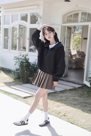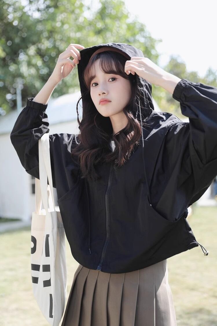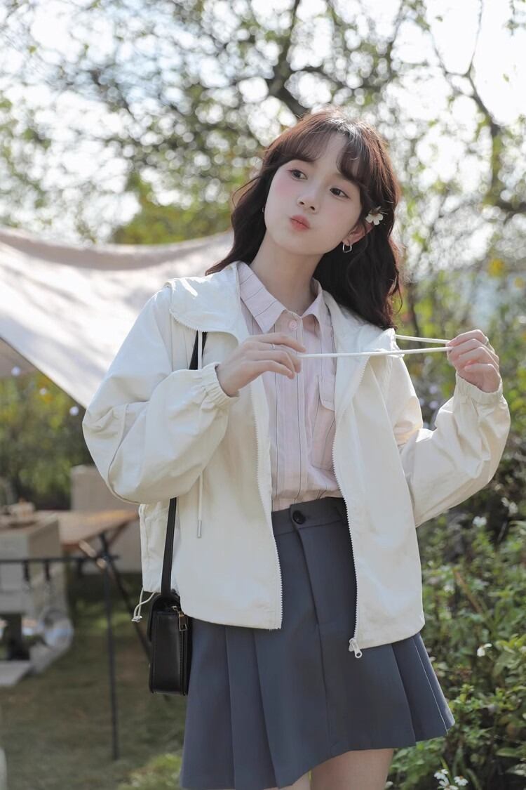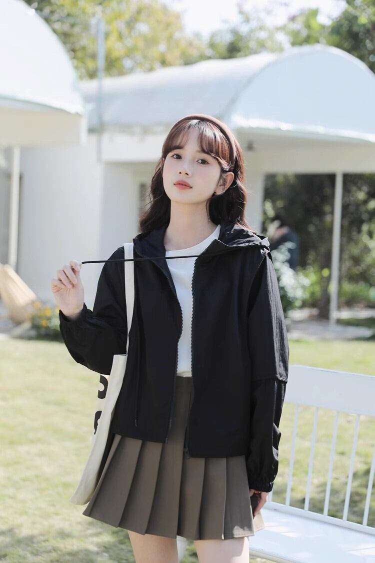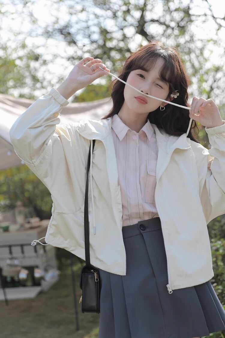 フード付きのデザインがカジュアル感を引き立て、ポケット付きで実用性も兼ね備えています。
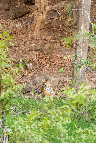 A dominant tigress relaxing below a tree on a peak summer day inside Bandhavgarh National Park during a wildlife safari
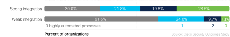 We also wanted to know if having integrated solutions helped with desired outcomes, such as improved automation. Companies with well-integrated security technologies were seven times more likely to achieve high levels of automation for event monitoring, incident analysis, and incident response processes (4.1% vs. 28.5%).

__Task to complete__. Copy out the material above exactly; the images stay out.

__Result of the exercise__.
 フード付きのデザインがカジュアル感を引き立て、ポケット付きで実用性も兼ね備えています。
 A dominant tigress relaxing below a tree on a peak summer day inside Bandhavgarh National Park during a wildlife safari
 We also wanted to know if having integrated solutions helped with desired outcomes, such as improved automation. Companies with well-integrated security technologies were seven times more likely to achieve high levels of automation for event monitoring, incident analysis, and incident response processes (4.1% vs. 28.5%).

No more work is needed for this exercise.